Eggs are marvelous. They are used in so many products and in so many ways. They provide structure and mouth feel; they provide moisture and nutritional value. Baking would be dramatically different without the egg.

There are three parts to the egg:

The shell is fragile and porous. It is important to remember that eggs will absorb flavors and odors through the shell and therefore must be protected from strong smelling substances and unsanitary surfaces. A tainted egg will spoil your product.

The yolk is high in both fat and protein and is a natural emulsifier. The white is primarily albumin protein. It is clear and soluble before it is cooked.
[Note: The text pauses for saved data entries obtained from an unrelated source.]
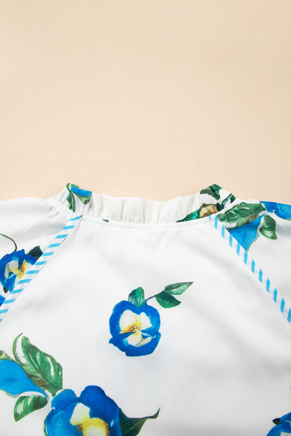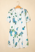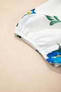 White Plus Size Floral Short Puff Sleeve Contrast Tie V Neck Dress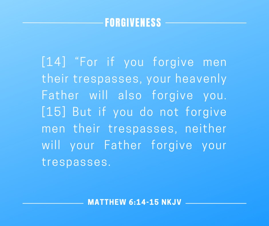In today’s blog, I want to discuss walking in forgiveness. This is a touchy subject, but it’s necessary to address it. Otherwise, we can find ourselves walking in unforgiveness and reaping the consequences of it. As believers, we can not harbor unforgiveness in our hearts toward others. We must choose to forgive others no matter how big or small the matter is. We can not receive forgiveness from our Father if we are walking in unforgiveness toward those who have offended or done us wrong. Forgiving others is not always easy, but we are required to forgive.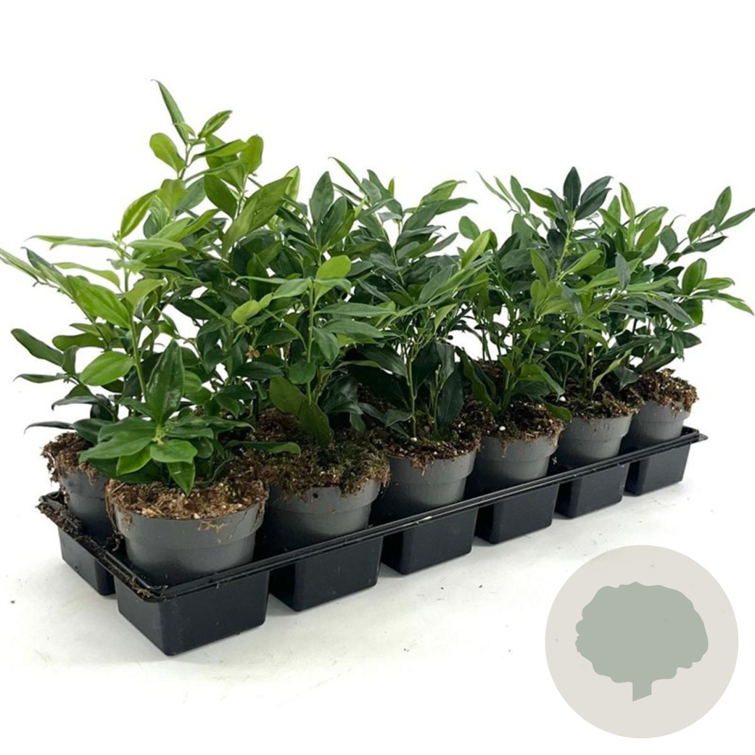 | Toelichting | De Sarcococca confusa, ook wel bekend als Vleesbes, is een wintergroene struik met geurende witte bloemen in de vroege lente. Deze plant gedijt goed in de schaduw op zure en humusrijke grond, en heeft een volwassen hoogte van ongeveer 60 cm. |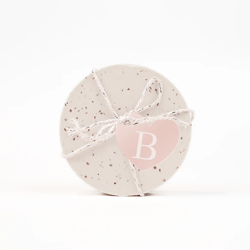 Thuis hoef deze hartjes labeltjes met initiaal enkel nog aan de doopsuiker te bevestigen met passend bevestigingsmateriaal.

It contains sulfur and becomes odorous when old.

About 75% of the egg by weight is water. The remaining portion is nearly equal parts fat and protein. A large egg weighs 1 2/3 ounce without the shell with the yolk weighing two-thirds of an ounce and the white, one ounce. A medium egg without the shell weighs about 1.45 ounces and a small egg weighs about 1 1/4 ounces. You can do the math but about 3 1/2 medium eggs equal three large eggs.

Eggs are a potential source of salmonella contamination. The American Egg Board estimates that only one in 20,000 eggs is contaminated. Still, it is recommended that you do not use raw eggs in your food and that egg products be cooked to 160 degrees. Always wash your hands after handling eggs and sanitize any work surfaces where raw eggs may have been used.

The egg industry is conscientious and regulated and it is very rare to find an inferior or rotten egg in a carton. It is not rare to find broken or cracked shells. When you open a carton and find a cracked egg, discard it since a crack creates an easy avenue for bacteria to enter.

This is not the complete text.